Harnessing Artificial Intelligence to enhance the power of experimental social science research to improve the human condition
About our project:
Talking to Machines
“Talking to Machines” is a project that aims to leverage artificial intelligence in the design and implementation of experiments. This project is a unique combination of both academic and industry researchers working in very diverse institutional contexts throughout the world. We are an international collaboration with a talented global team of faculty, staff, postdocs, and graduate and undergraduate students. Research results from these studies have been published widely in leading social science peer-reviewed publications.
Through our commitment to evidence-based policies, we engage with national and international governmental agencies to evaluate the effectiveness of current policies and design new programs and tools with the potential to ultimately affect the lives of millions of individuals.
The project is led by Sonja Vogt at HEC University of Lausanne and Ray Duch at Nuffield College University of Oxford. Our primary funding is from the Swiss National Science Foundation (#100018M-215519).
Our main objective is to advance social science research through innovations that harness recent breakthroughs in AI. We believe AI-driven solutions can address many of the challenges researchers face in designing and conducting experiments.

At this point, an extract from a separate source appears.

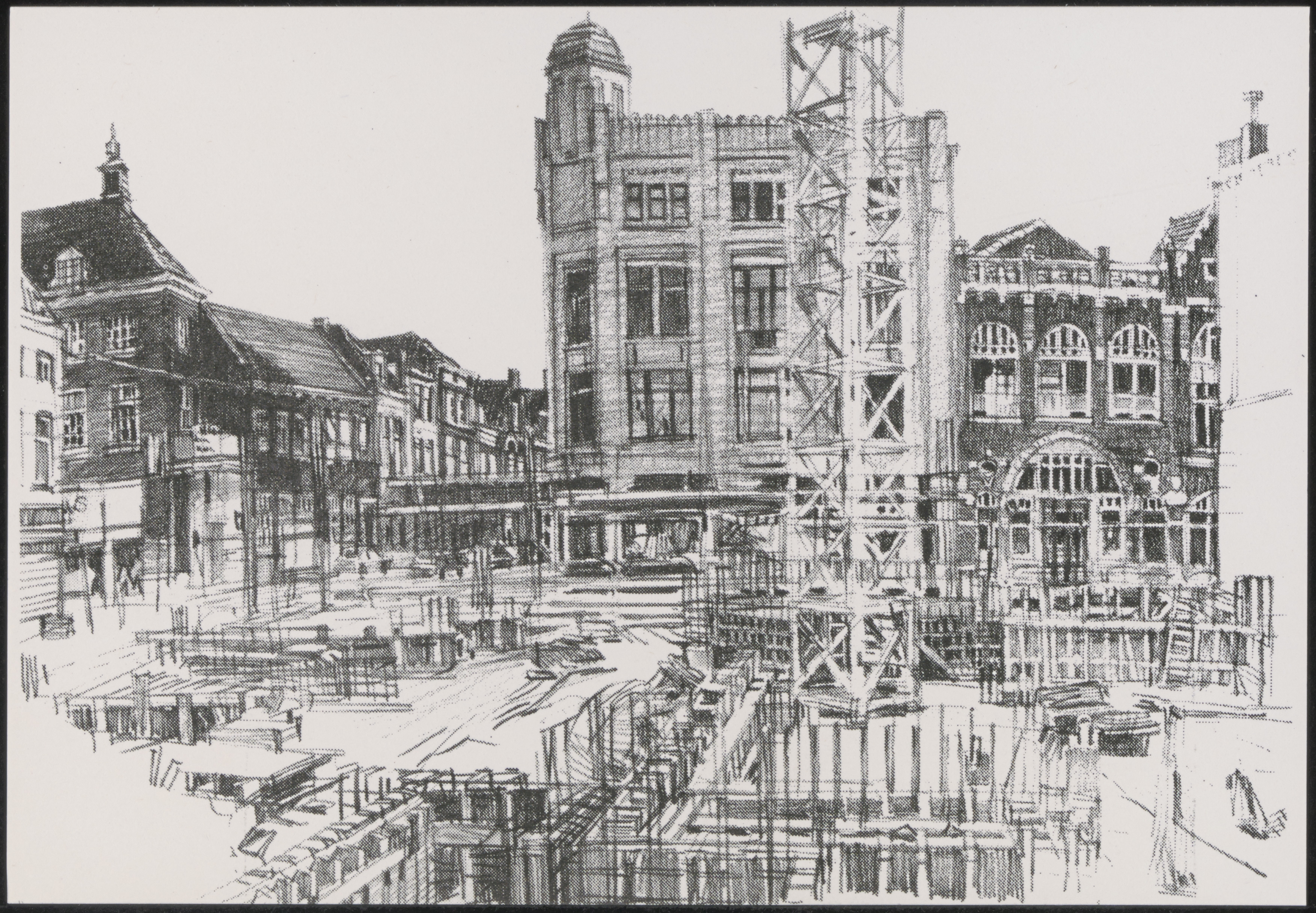 Tekening door Led Brand van de bouw van de parkeergarage aan de Visstraat op de plaats …

The rapid advances in LLM technology offer scientists unique opportunities to re-think the feasibility, design and implementation of experimental studies ranging from online experiments to large ambitious randomized control trials. The TDM team has redefined experimental “subjects” exploring strategies for incorporating synthetic persona in the design and execution of experiments. We are also building LLM models that help craft the treatments that we implement in experiments – our current focus is on the information content of video interventions that are widely used in experimental research.
Diversity is the guiding theme for much of our work: The global south is the context for much of our experimental research – with this in mind we are developing AI-enhanced experimental tools that are built to reflect the cultural diversity of global south contexts. More generally, we are employing AI to help better characterize the heterogeneity of treatment effects for distinct segments of populations; to generalize estimates to a broader population; and to transport findings to different contexts.
The Talking to Machines project is developing open-sourced platforms that make these AI innovations widely available to the global research community.
We are champions of causal inference and evidence-based policy. The T2M initiative is dedicated to expanding the community of scientists who have access to the powerful tools of experimental research. Advances in AI offer numerous possibilities for increasing the efficiency of experimental research – reducing the costs and enhancing the power of experiments. Our remit is to identify these AI tools and methods; confirm their utility for experimental design, implementation and analysis; and build applications that make these open-source tools as widely available as possible.
To accomplish these goals we leverage the significant ongoing advances in Large Language Models (LLMs) and apply them to the various tools employed by the experimental research community.